Dataset items

Segment Open

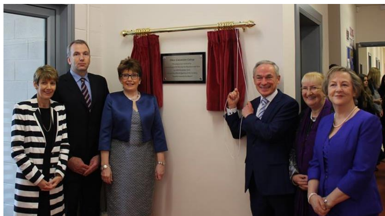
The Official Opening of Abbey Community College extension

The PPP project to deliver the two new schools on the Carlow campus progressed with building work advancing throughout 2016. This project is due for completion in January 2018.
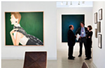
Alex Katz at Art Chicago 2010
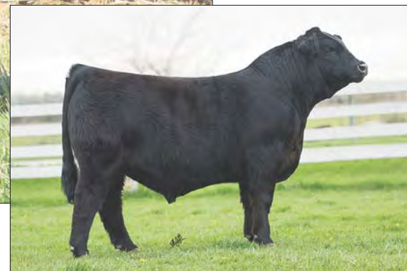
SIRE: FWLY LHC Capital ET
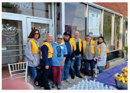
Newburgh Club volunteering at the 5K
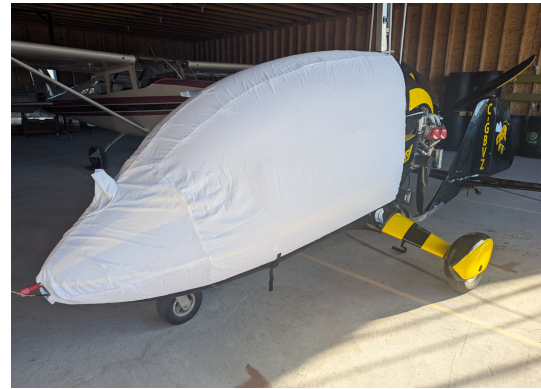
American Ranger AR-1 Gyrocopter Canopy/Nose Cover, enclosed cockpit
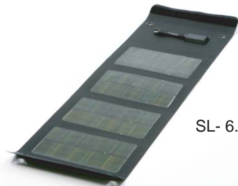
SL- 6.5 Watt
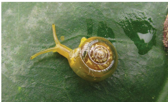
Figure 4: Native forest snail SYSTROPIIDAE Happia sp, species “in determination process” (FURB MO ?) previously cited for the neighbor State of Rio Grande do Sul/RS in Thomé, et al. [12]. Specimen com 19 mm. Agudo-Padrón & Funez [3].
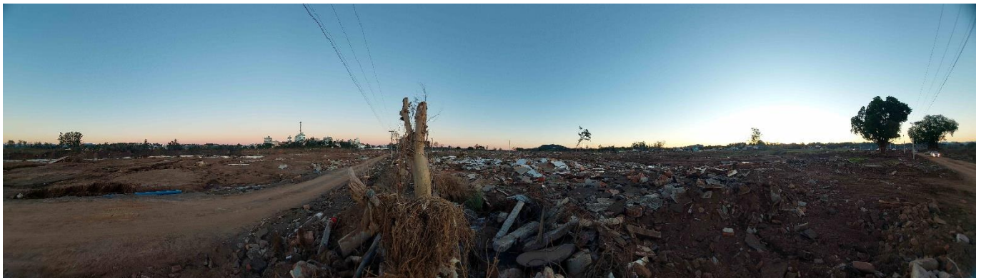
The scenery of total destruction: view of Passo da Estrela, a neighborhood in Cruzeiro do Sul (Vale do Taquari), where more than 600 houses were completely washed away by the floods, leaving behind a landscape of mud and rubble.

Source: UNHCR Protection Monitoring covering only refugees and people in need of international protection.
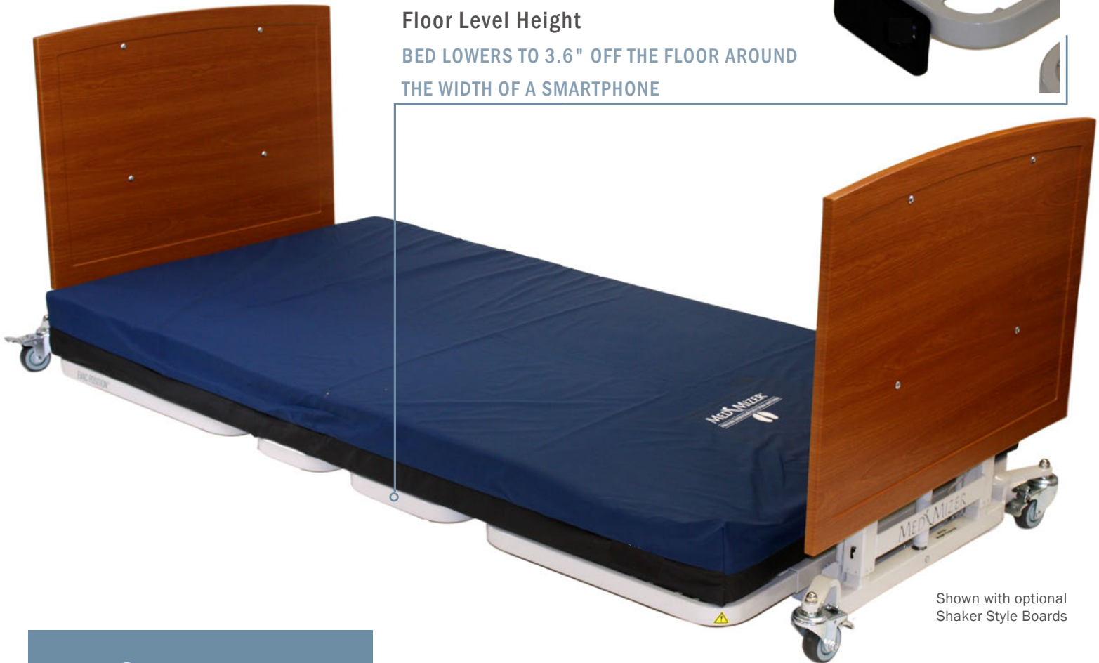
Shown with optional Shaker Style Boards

Segment Closed

### WHAT IS EXPECTED:
Pictures do not belong in the answer. Return the lines above starting at the one with "SL- 6.5 Watt" and ending at the one with "Figure 4: Native", both kept, exactly.

### RESULT FOR THIS EXERCISE:
SL- 6.5 Watt
Figure 4: Native forest snail SYSTROPIIDAE Happia sp, species “in determination process” (FURB MO ?) previously cited for the neighbor State of Rio Grande do Sul/RS in Thomé, et al. [12]. Specimen com 19 mm. Agudo-Padrón & Funez [3].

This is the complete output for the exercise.